(Task prompt) Return the data that follows exactly as it appears. Pictures do not belong in the copy.

(Raw data)
──────

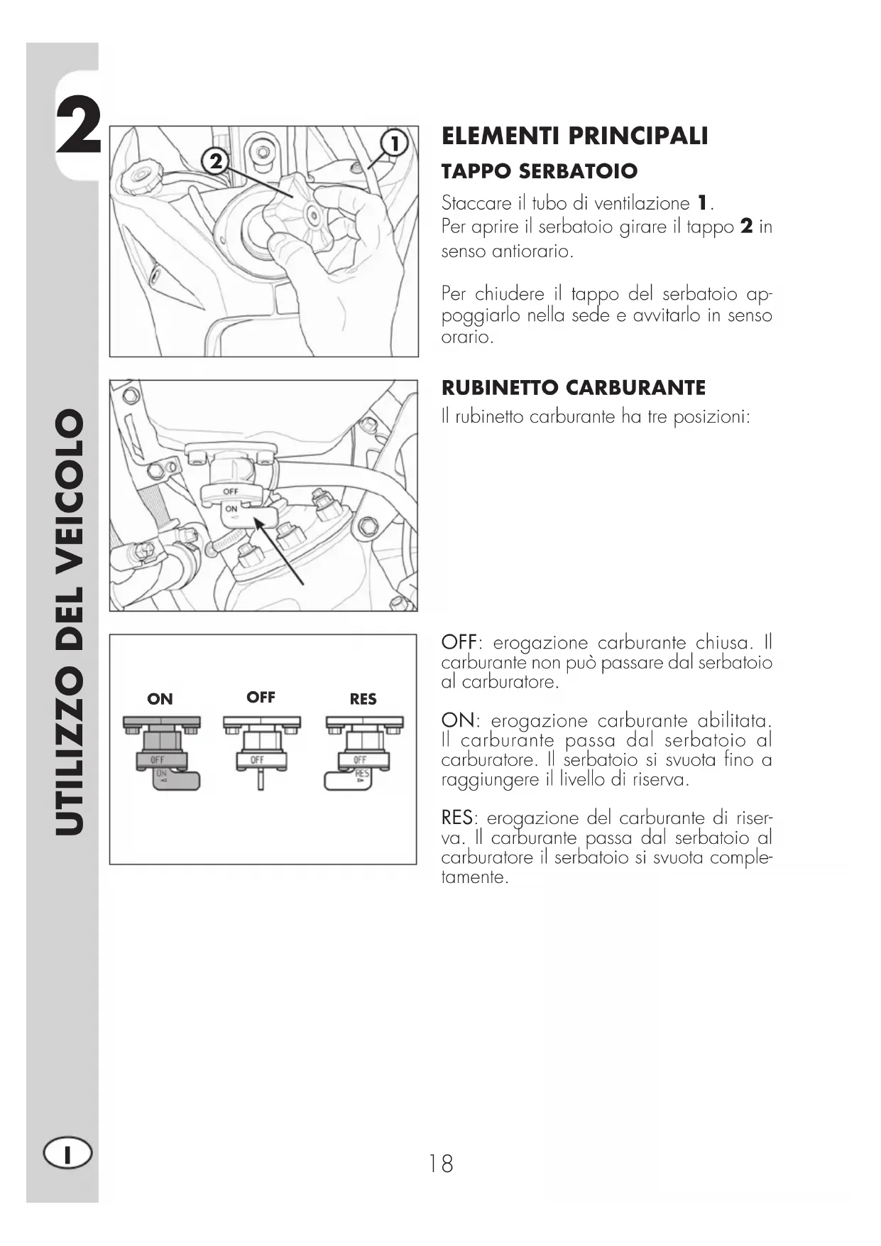 ELEMENTI PRINCIPALI TAPPO SERBATOIO Staccare il tubo di ventilazione 1. Per aprire il serbatoio girare il tappo 2 in senso antiorario. Per chiudere il tappo del serbatoio ap- poggiarlo nella sede e avvitarlo in senso orario. RUBINETTO CARBURANTE Il rubinetto carburante ha tre posizioni: OFF: erogazione carburante chiusa. Il carburante non può passare dal serbatoio al carburatore. ON: erogazione carburante abilitata. Il carburante passa dal serbatoio al carburatore. Il serbatoio si svuota fino a raggiungere il livello di riserva. RES: erogazione del carburante di riser- va. Il carburante passa dal serbatoio al carburatore il serbatoio si svuota comple- tamente.
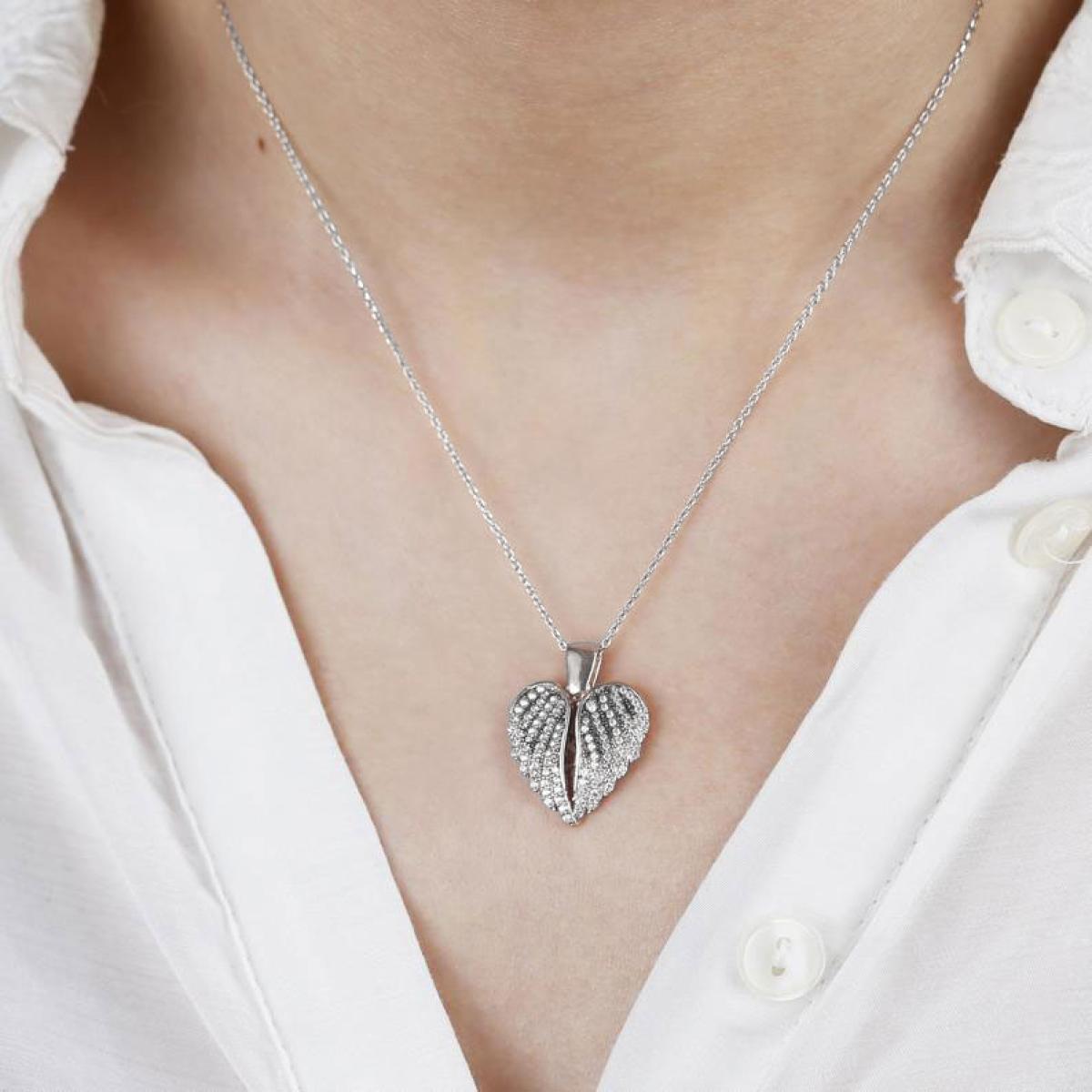 Нежно сребърно колие (пр.925) Ангелски криле, в основата му е скрито сърце с гравирано пожелание, измислено от Вас самите .
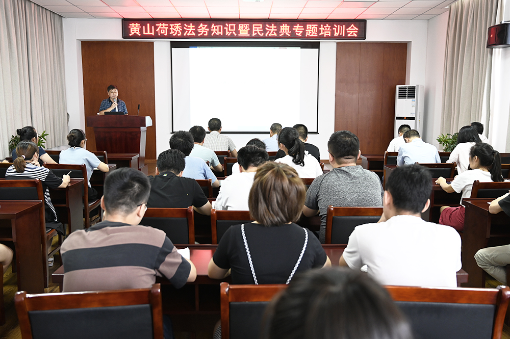 為促進(jìn)廣大職工學(xué)習(xí)、遵守、維護(hù)《中華人民共和國(guó)民法典》,提高運(yùn)用法務(wù)知識(shí)解決實(shí)際問題的能力,8月7日下午,黃山荷琇公司組織了法務(wù)知識(shí)暨民法典專題培訓(xùn)。張昌宏總經(jīng)理主持培訓(xùn)會(huì),相關(guān)科室60余人參加學(xué)習(xí)。

──────

(Completed exercise)
 ELEMENTI PRINCIPALI TAPPO SERBATOIO Staccare il tubo di ventilazione 1. Per aprire il serbatoio girare il tappo 2 in senso antiorario. Per chiudere il tappo del serbatoio ap- poggiarlo nella sede e avvitarlo in senso orario. RUBINETTO CARBURANTE Il rubinetto carburante ha tre posizioni: OFF: erogazione carburante chiusa. Il carburante non può passare dal serbatoio al carburatore. ON: erogazione carburante abilitata. Il carburante passa dal serbatoio al carburatore. Il serbatoio si svuota fino a raggiungere il livello di riserva. RES: erogazione del carburante di riser- va. Il carburante passa dal serbatoio al carburatore il serbatoio si svuota comple- tamente.
 Нежно сребърно колие (пр.925) Ангелски криле, в основата му е скрито сърце с гравирано пожелание, измислено от Вас самите .
 為促進(jìn)廣大職工學(xué)習(xí)、遵守、維護(hù)《中華人民共和國(guó)民法典》,提高運(yùn)用法務(wù)知識(shí)解決實(shí)際問題的能力,8月7日下午,黃山荷琇公司組織了法務(wù)知識(shí)暨民法典專題培訓(xùn)。張昌宏總經(jīng)理主持培訓(xùn)會(huì),相關(guān)科室60余人參加學(xué)習(xí)。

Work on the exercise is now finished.